In the classical Doppler effect, you should think of $v_s$ and $v_r$ to be the velocities of the source and receiver relative to the medium, at the time when the signal was sent and received. In an accelerated reference frame, it is essentially the medium that is moving. Remember that the Doppler shift concerns the frequency sent by the source compared to the frequency seen by the receiver.

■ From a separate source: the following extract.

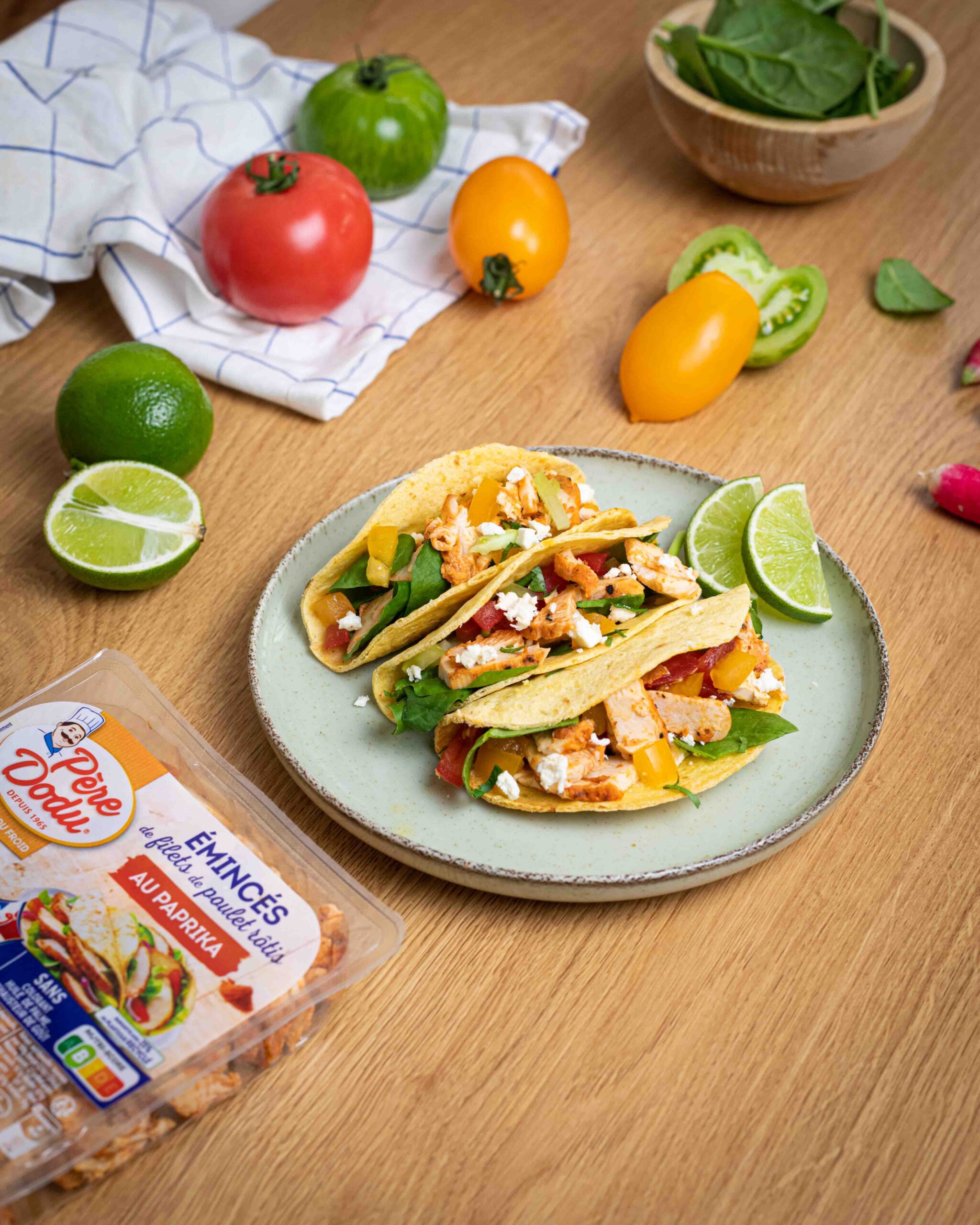 - Répartissez dans les tortillas la salade, les tomates, la feta et les émincés de poulet.

So it does not depend on which reference frame you, as a third party, is in, but only depends on the intrinsic wave speed of the medium $v$ (which we assume to be constant, when measured in a frame in which the medium is at rest), and the velocities relative to the medium of the source and receivers.

With that said, that means you can compute relative to the unaccelerated reference frame by doing a coordinate change.

Suppose you are in a reference frame in which the medium itself is moving with variable velocity $\tilde{v}(t)$, and you measure the source and receivers to be moving with velocity $\tilde{v}_s(t)$ and $\tilde{v}_r(t)$. Then the Doppler effect can be computed by looking at the reference frame in which the medium is not moving (so the corresponding velocities are $v_s(t) = \tilde{v}_s(t) - \tilde{v}(t)$ and similarly $\tilde{v}_r(t)$). If in this reference frame $v_s$ and $v_r$ are not constant in time, then given a time $t_r$ when the signal was received, you will have to compute (using that the wave travels with constant speed $v$ and using the trajectory of the receiver versus the source) the time $t_s$ at which the signal was sent, and plug those values into your Doppler shift expression (with $v_s \to v_s(t_s)$ and $v_r \to v_r(t_r)$).

If the wave speed itself $v$ depends on the macroscopic of the entire medium, then you will have to solve the very complicated system for elastodynamics/acoustic in the medium, for which the final answer would depend on how you model the medium.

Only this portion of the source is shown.